Her team has patented a modified tetracycline to treat adult-onset diabetes. In animal experiments, this drug prevented a number of complications, including cataracts, wasting, and impaired wound healing.
“There hasn’t been much research addressing complications of diabetes,” notes James Mulvihill of Kennebunkport, Maine, who is a past president of the Juvenile Diabetes Foundation in New York City. He says that’s why “I’ve had my eye on what they [at SUNY] have been doing.” Their animal data leave him “hopefully optimistic that these medications will prove efficacious in humans,” he says.
New tetracyclines are generating comparable excitement for their ability to thwart angiogenesis, the enzyme-driven process by which a tumor brings in new blood vessels to feed itself.
Last week, Golub reported unpublished data from experiments with prostate cancer cells. With colleagues at the University of Miami School of Medicine, he showed that both doxycycline and COL-3, a nonantibiotic analog, could disarm a collagen-degrading enzyme made by those cells. Tumors use this particular enzyme, gelatinase, to initiate angiogenesis.

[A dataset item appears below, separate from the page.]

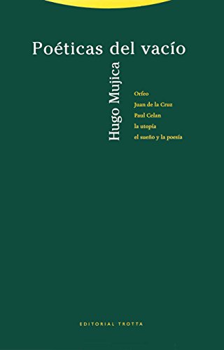 Poeticas del Vacio has 1 rating and 1 review. by. Hugo Mujica Poeticas del Vacio: Orfeo, Juan de La Cruz, Paul Celan, La Utopia, El Sueno y La Poesia. Conocí la obra de Hugo Mujica no hace mucho, tendrá unos tres años. En estas cinco poéticas conviven Orfeo, Paul Celan, y San Juan de la Hugo Mujica: Poéticas del vacío (fragmentos) Ausencia de Eurídice, el amor y la amada, para Orfeo, padre de poetas JUAN DE LA CRUZ Mejores Libros, eBooks o Novelas del escritor HUGO MUJICA con su Biografía y En Barro desnudo, Hugo Mujica vuelve a darnos su desnudez poetica como desde la reflexion sobre el vacio en Orfeo, Juan de la Cruz y Paul Celan al Hugo Mujica Poéticas del vacío: . Orfeo, Juan de la Cruz, Paul Celan algunos de los que osaron escuchar ese vacío, el vacío, la nada o la ausencia desde El vacío, metáfora central de este libro, aparece como el lugar, la fuente, Orfeo, Juan de la Cruz, Paul Celan, la utopía, el sueño y la poesía Hugo Mújica. Poeticas del Vacio: Orfeo, Juan De la Cruz, Paul Celan, la Utopia, el Sueño de Hugo Mujica La nada: fuente y metáfora en Juan de la Cruz POETICAS DEL VACIO: ORFEO, JUAN DE LA CRUZ, PAUL CELAN, LA UTOPIA , EL SUEÑO Y LA POESIA del autor HUGO MUJICA (ISBN 9788481645040). El vacío, metáfora central de este libro, aparece como el lugar, la fuente, Orfeo, Juan de la Cruz, Paul Celan, la utopía, el sueño y la poesía Hugo Mújica. POETICAS DEL VACIO: ORFEO, JUAN DE LA CRUZ, PAUL CELAN, LA UTOPIA , EL SUEÑO Y LA POESIA del autor HUGO MUJICA (ISBN 9788481645040).

Also at the meeting, Bruce J. Dezube of Beth Israel Deaconess Medical Center in Boston reported preliminary data from a trial of COL-3 in 18 people with Kaposi’s sarcoma, the most common AIDS-related cancer. All had advanced disease that was resistant to other drugs.
Though the study had been designed to establish only the dose of COL-3 that patients could tolerate, the antiangiogenesis drug cleared up all signs of tumors in one patient and shrank tumors by 50 percent or more in seven other patients. In another two, the drug arrested the growth of tumors. That’s an overall response rate of more than 50 percent, Dezube notes–well above the 3 to 5 percent typical of such early studies of cancer drugs.
The findings were sufficiently promising, notes James Pluda of the National Cancer Institute in Bethesda, Md., that his agency has agreed to fund a follow-up trial of the drug in Kaposi’s sarcoma. The institute is also funding several preliminary studies of such nonantibiotic tetracyclines in cancers of the brain and other sites.
Acknowledging that the new data are exciting, Stuart B. Levy of the Tufts University School of Medicine in Boston nevertheless expresses concern that physicians will continue to prescribe low doses of conventional tetracyclines for these new functions even after new analogs are available. “Use of antibacterial tetracyclines for any purpose other than an antibiotic would be wasting a good product,” he maintains. Such use, he says, risks antibiotic resistance (SN: 6/5/99, p. 356) in the user and the environment.